Welcome to the largest terrain project I’ve ever undertaken. This build is creates a fully modular dungeon crawler, intended for Dungeons and Dragons games but I’m also keen to see other systems where it might fit.
This is all built using kits from the Dungeons and Lasers Kickstarters by Archon Studio. These walls and floors are versatile enough to be built as rooms or corridors so they’re endlessly configurable. The system is quick and easy to use (and drastically cheaper than some of the big names in D&D terrain). Floors are held together by straight connectors while walls attach using single connectors. This stuff is all hard plastic too, so it’s robust and should withstand even the most careless users.
The Core
Since there’s a whole lot of terrain to get through, painting had to be a quick and simple affair, so I’m making widespread use of washing, drybrushing, and overbrushing. The core set forms the bulk of the dungeon. It connects rooms via corridors and archways, or can be used to create rooms in their own right. To paint, I primed with Mechanicus Standard Grey, washed all over with Agrax Earthshade, overbrushed with Dark Reaper, and drybrushed with Fenrisian Grey. This gives a layered blue-grey effect. Ideal for all the stonework.
Hall of Heroes
With a dwarven feel to it, the outstanding features of the Hall of Heroes has to be those runes. For extra colour, and to add a bit of magic to the dungeon, I wanted them to glow. Orange fit the bill perfectly. The effect was achieved by successive layers of drybrushing; darker on the outside, getting brighter closer to the centre. The outside was done with GW Troll Slayer Orange while the inside is GW Fire Dragon Bright. This took multiple layers of both paints, starting with a wide area, and gradually drybrushing smaller areas within it. To finish the effect, a layer of GW Flash Gitz Yellow was painted directly into the centre of the runes.

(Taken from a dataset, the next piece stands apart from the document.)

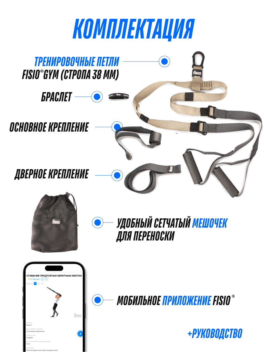 | Подробная комплектация | Тренировочные петли Физио - 1 шт; Рюкзак - 1 шт; Дверное крепление - 1 шт; Основное крепление - 1 шт; Браслет - 1 шт |

The remainder of the walls and floor use much the same method as the core set above, with the exception of the mustard-coloured patterns. These were done with Vallejo Heavy Goldbrown with a wash of GW Agrax Earthshade in any recesses.

Cursed Cathedral
Probably my favourite of all the rooms (so much that I ordered a second set of this in the latest Kickstarter) is the Cursed Cathedral. This room seemed perfect to house cultists and an evil priest reading some dread sermon. I pictured the below setup as an encounter where the cultists are performing a resurrection rite on the prone figure atop the table. It’s a race against time to stop the ceremony before the figure awakens and joins the fight.
While the walls follow the same stone recipe as the core set, the window shutters are painted with GW Rhinox Hide, washed all over with GW Agrax Earthshade, and drybrushed with GW XV 88. The floor uses a base coat of GW Celestra Grey, washed with GW Agrax Earthshade, overbrushed with GW Celestra Grey, then drybrushed with GW Ulthuan Grey. The red sections are all GW Mephiston Red.
Dwarven Mine
I wasn’t sure about this room initially, but it’s turned out to be one of my favourites. The extra colour makes it stand out from the rest of the dungeon. I thought this would be a great place for a cave in with scattered mining equipment left behind as the miners fled something terrible they disturbed in the depths.
The wood follows the same recipe as the shutters in the Cursed Cathedral while the dusty floor is Vallejo Earth, washed with Agrax Earthshade (I used a whole lot of this stuff in this project), then drybrushed with Vallejo Earth and GW Ushabti Bone.
The Finished Dungeon
In all its glory, we have a fully playable dungeon which is a mere basic representation of what this kit can do. With it being so modular, you need never play the same layout twice. More corridors, bigger rooms; it’s all possible.


While this is more than serviceable for dozens of games, the next step is to wait for Dungeons and Lasers III to ship. I grabbed a few extra rooms, along with a sewers complex to create a bigger dungeon and to offer more configuration options. As part of that, I added some roofs to my pledge to see whether some of these rooms might work as standalone buildings in other tabletop wargames. The Cursed Cathedral should fit right into Warhammer 40k.